Although atorvastatin 40 mg reduces LDL-C by approximately ≥50%, this dose was used in only 1 RCT if the participant was unable to tolerate atorvastatin 80 mg/dL. Whether an individual receiving atorvastatin 40 mg should be uptitrated to atorvastatin 80 mg should be based on the potential for an ASCVD risk-reduction benefit and the potential for adverse effects, drug–drug interactions, and consider patient preferences.

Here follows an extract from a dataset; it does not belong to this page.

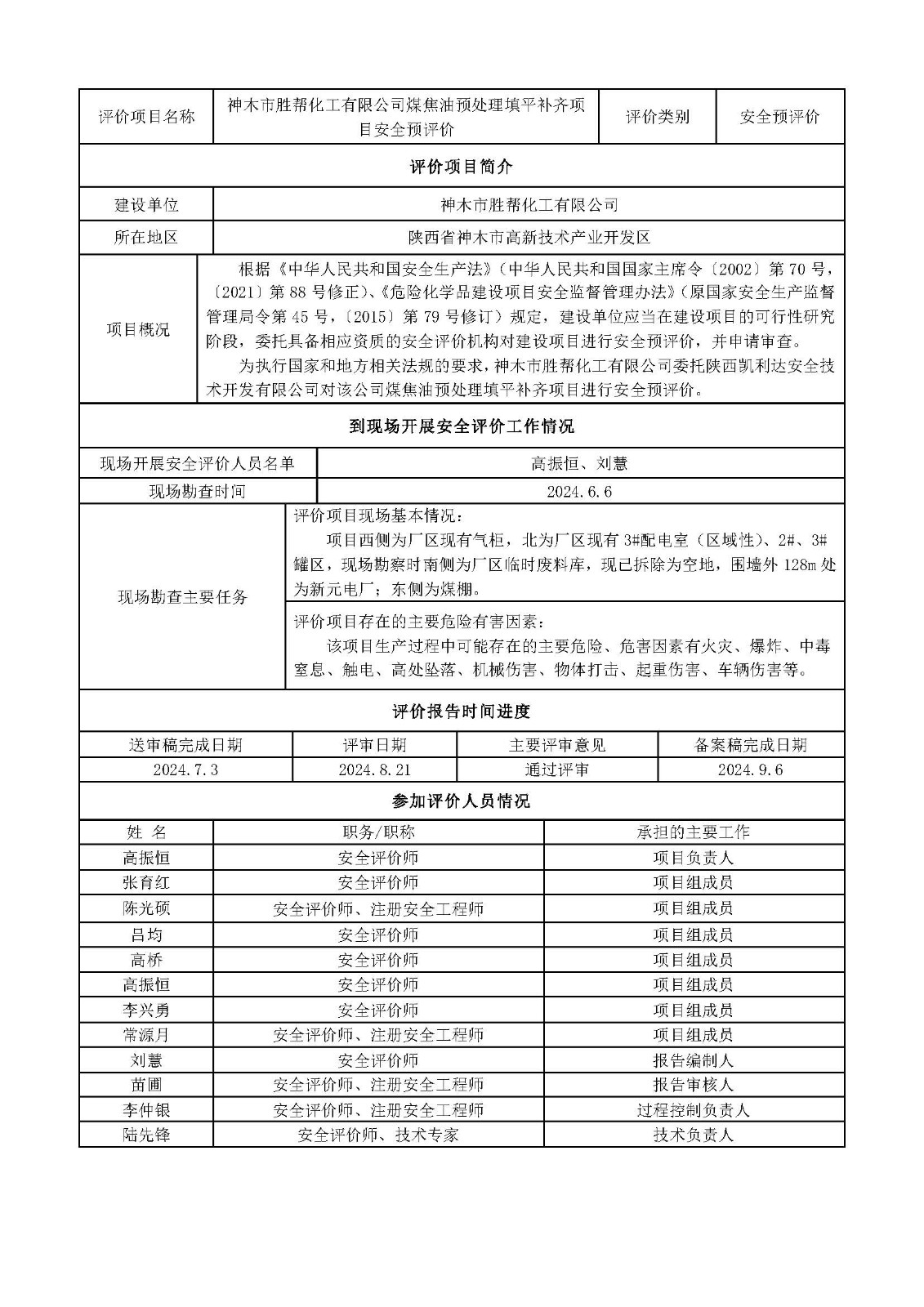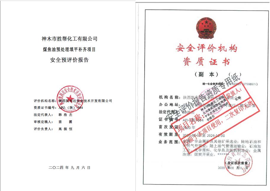KLDAP[2024]-1.11神木市勝幫化工有限公司煤焦油預處理填平補齊項目安全預評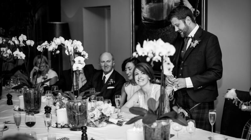 Emma, “frustrated by the over-the-top nature of wedding dresses”, found hers in Phase Eight’s Collection 8. Alex’s kilt and jacket was tailored for him on the Royal Mile in Edinburgh.

In individuals with clinical ASCVD in whom high-intensity statin therapy would otherwise be used, either when high-intensity statin therapy is contraindicated or when characteristics predisposing to statin-associated adverse effects are present, moderate-intensity statin should be used as the second option, if tolerated (Section 5). In the relatively few individuals >75 years of age who were included in RCTs of high- versus moderate-intensity statin therapy, there was no clear evidence of an additional reduction in ASCVD events from high-intensity statin therapy. In contrast, individuals >75 years of age did experience a reduction in ASCVD events in the trials of mostly moderate-intensity statin therapy, as compared with control. Therefore, moderate-intensity statin therapy should be considered for individuals >75 years of age with clinical ASCVD. However, in acknowledgment that older participants in RCTs were likely to be healthier than many older individuals in the general population, the use of statin therapy should be individualized in persons >75 years of age with clinical ASCVD, according to the potential for ASCVD risk-reduction benefits, adverse effects, drug–drug interactions, and consider patient preferences. The Expert Panel considers it reasonable to continue statin therapy in persons >75 years of age who have clinical ASCVD and are tolerating statin therapy.

The flow diagram for the initiation and management of statin therapy in individuals with clinical ASCVD is provided in Figure 3.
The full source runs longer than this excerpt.